§ **WHAT TO PRODUCE**: Omit any pictures, and restate word for word only the lines from the one with "04-07 02:50进球助尤文紧咬欧冠区,麦肯尼当选尤文2-0热那亚全场最佳" through the end of the data below.

§ **Saved entries**:
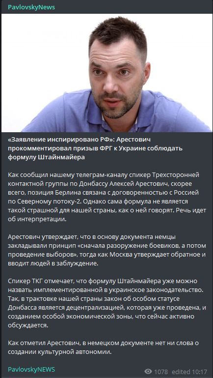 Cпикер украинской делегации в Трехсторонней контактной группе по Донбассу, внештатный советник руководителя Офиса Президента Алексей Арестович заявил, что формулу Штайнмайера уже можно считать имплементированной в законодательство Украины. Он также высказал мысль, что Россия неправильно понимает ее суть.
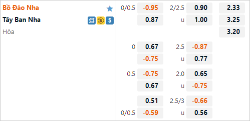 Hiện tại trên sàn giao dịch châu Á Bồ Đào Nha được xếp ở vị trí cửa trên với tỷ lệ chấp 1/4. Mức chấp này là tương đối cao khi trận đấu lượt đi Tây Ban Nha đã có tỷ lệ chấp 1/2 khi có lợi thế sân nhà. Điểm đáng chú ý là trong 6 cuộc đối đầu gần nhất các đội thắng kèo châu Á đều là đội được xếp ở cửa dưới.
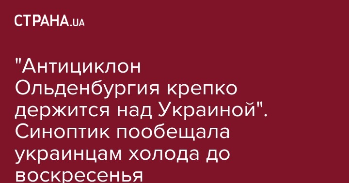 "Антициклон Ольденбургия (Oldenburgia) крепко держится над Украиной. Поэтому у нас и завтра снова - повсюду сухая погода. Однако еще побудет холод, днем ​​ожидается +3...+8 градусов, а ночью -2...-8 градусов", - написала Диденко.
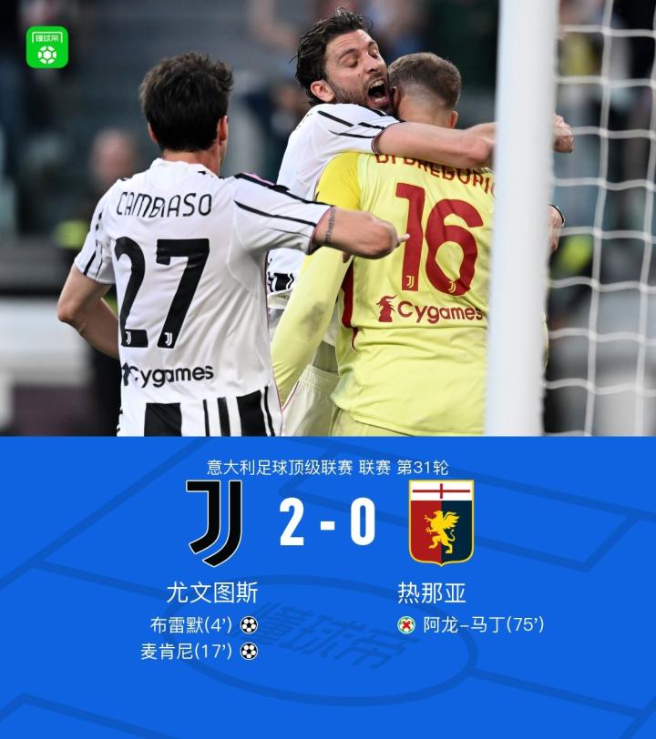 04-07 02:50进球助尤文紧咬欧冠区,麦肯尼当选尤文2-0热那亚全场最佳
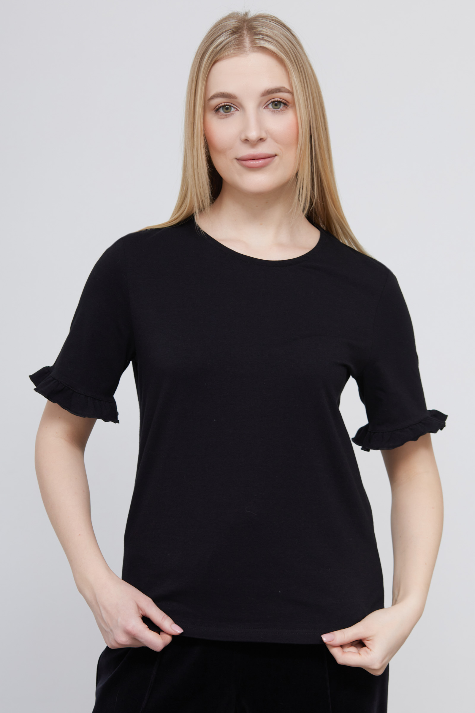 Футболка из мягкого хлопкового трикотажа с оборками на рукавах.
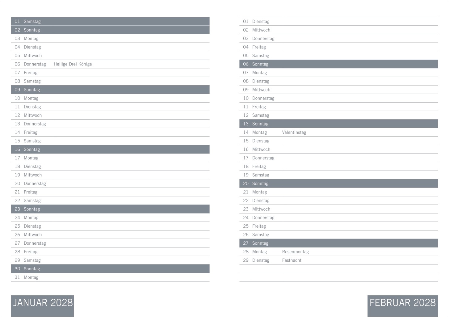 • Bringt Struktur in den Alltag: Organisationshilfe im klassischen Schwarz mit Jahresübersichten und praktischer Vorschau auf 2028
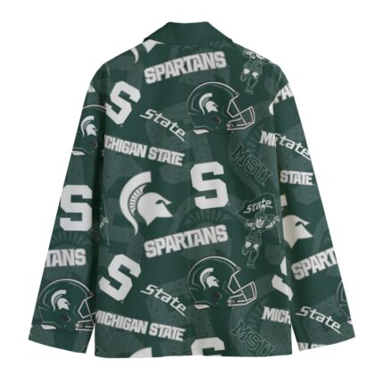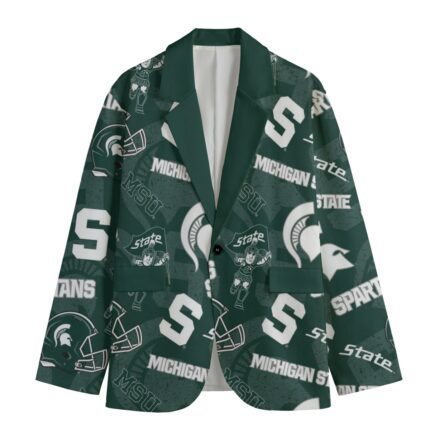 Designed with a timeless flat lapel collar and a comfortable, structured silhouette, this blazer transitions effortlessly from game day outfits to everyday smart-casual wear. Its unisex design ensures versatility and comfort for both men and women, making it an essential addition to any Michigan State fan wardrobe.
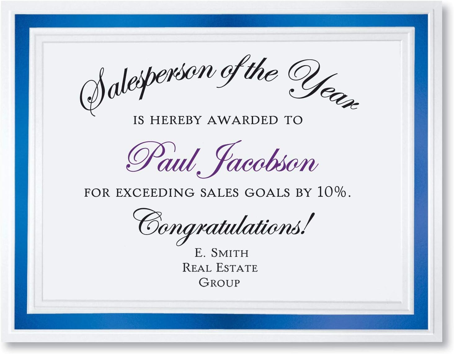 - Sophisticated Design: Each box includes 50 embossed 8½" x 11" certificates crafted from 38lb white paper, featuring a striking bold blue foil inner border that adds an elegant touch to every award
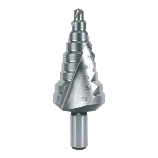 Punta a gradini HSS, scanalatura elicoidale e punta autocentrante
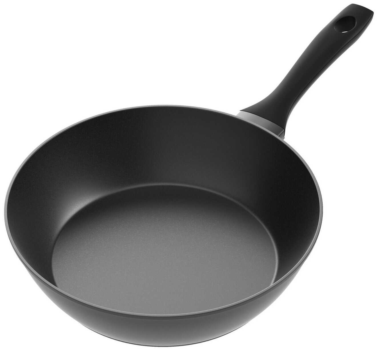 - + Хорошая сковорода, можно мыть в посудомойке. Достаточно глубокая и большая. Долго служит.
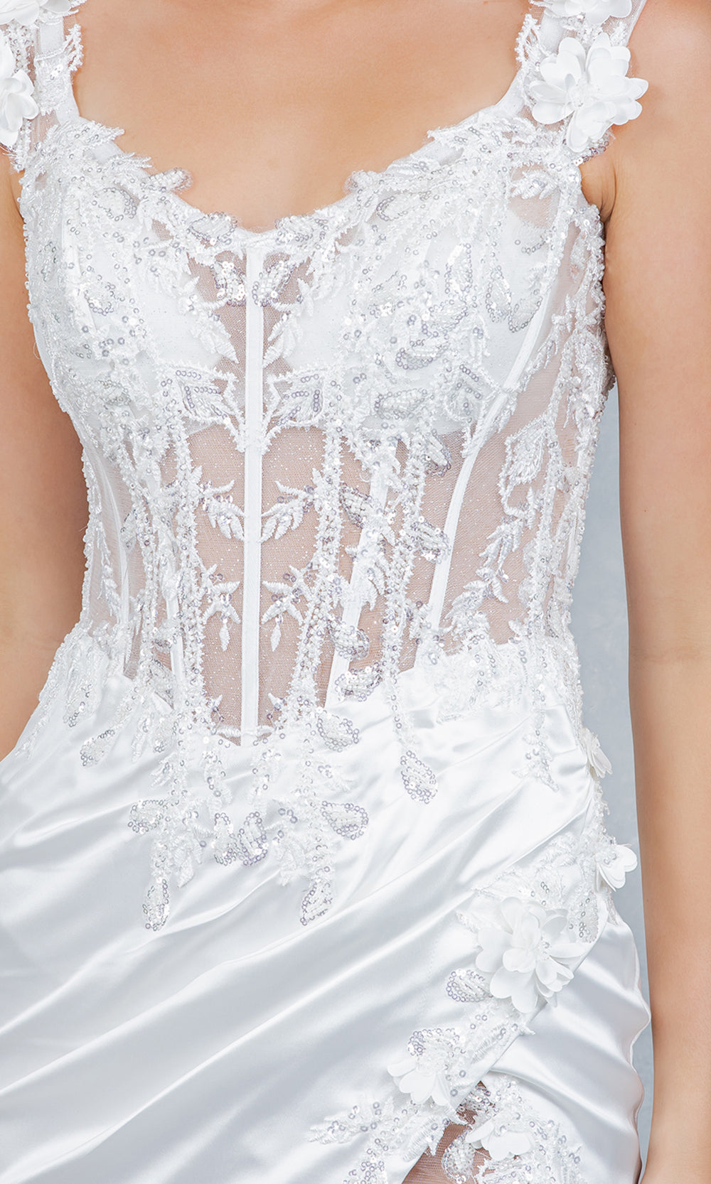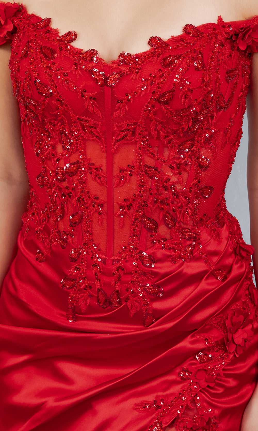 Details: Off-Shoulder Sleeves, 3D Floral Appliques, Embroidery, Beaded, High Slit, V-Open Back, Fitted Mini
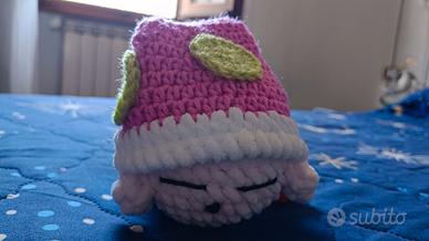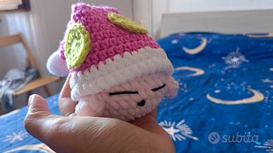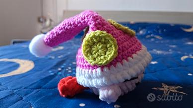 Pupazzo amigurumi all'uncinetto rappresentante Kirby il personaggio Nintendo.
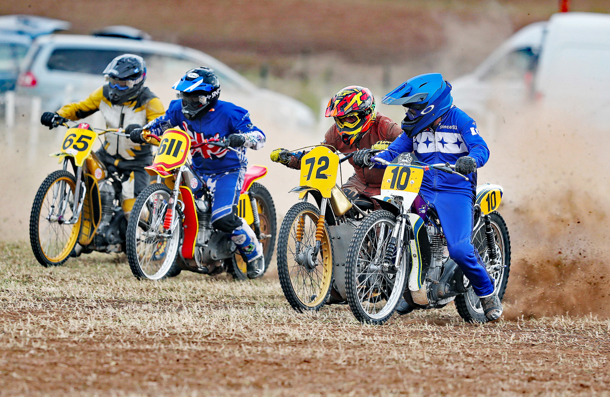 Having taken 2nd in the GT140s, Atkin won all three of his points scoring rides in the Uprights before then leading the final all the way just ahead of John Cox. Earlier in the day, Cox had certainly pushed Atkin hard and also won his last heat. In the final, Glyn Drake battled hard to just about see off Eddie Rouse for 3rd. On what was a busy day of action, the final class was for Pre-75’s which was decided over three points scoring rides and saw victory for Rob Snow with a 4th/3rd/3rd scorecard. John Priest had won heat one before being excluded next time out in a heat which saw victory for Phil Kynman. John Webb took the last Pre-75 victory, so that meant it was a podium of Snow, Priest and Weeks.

§ **ANSWER SECTION**:
 04-07 02:50进球助尤文紧咬欧冠区,麦肯尼当选尤文2-0热那亚全场最佳
 Футболка из мягкого хлопкового трикотажа с оборками на рукавах.
 • Bringt Struktur in den Alltag: Organisationshilfe im klassischen Schwarz mit Jahresübersichten und praktischer Vorschau auf 2028
 Designed with a timeless flat lapel collar and a comfortable, structured silhouette, this blazer transitions effortlessly from game day outfits to everyday smart-casual wear. Its unisex design ensures versatility and comfort for both men and women, making it an essential addition to any Michigan State fan wardrobe.
 - Sophisticated Design: Each box includes 50 embossed 8½" x 11" certificates crafted from 38lb white paper, featuring a striking bold blue foil inner border that adds an elegant touch to every award
 Punta a gradini HSS, scanalatura elicoidale e punta autocentrante
 - + Хорошая сковорода, можно мыть в посудомойке. Достаточно глубокая и большая. Долго служит.
 Details: Off-Shoulder Sleeves, 3D Floral Appliques, Embroidery, Beaded, High Slit, V-Open Back, Fitted Mini
 Pupazzo amigurumi all'uncinetto rappresentante Kirby il personaggio Nintendo.
 Having taken 2nd in the GT140s, Atkin won all three of his points scoring rides in the Uprights before then leading the final all the way just ahead of John Cox. Earlier in the day, Cox had certainly pushed Atkin hard and also won his last heat. In the final, Glyn Drake battled hard to just about see off Eddie Rouse for 3rd. On what was a busy day of action, the final class was for Pre-75’s which was decided over three points scoring rides and saw victory for Rob Snow with a 4th/3rd/3rd scorecard. John Priest had won heat one before being excluded next time out in a heat which saw victory for Phil Kynman. John Webb took the last Pre-75 victory, so that meant it was a podium of Snow, Priest and Weeks.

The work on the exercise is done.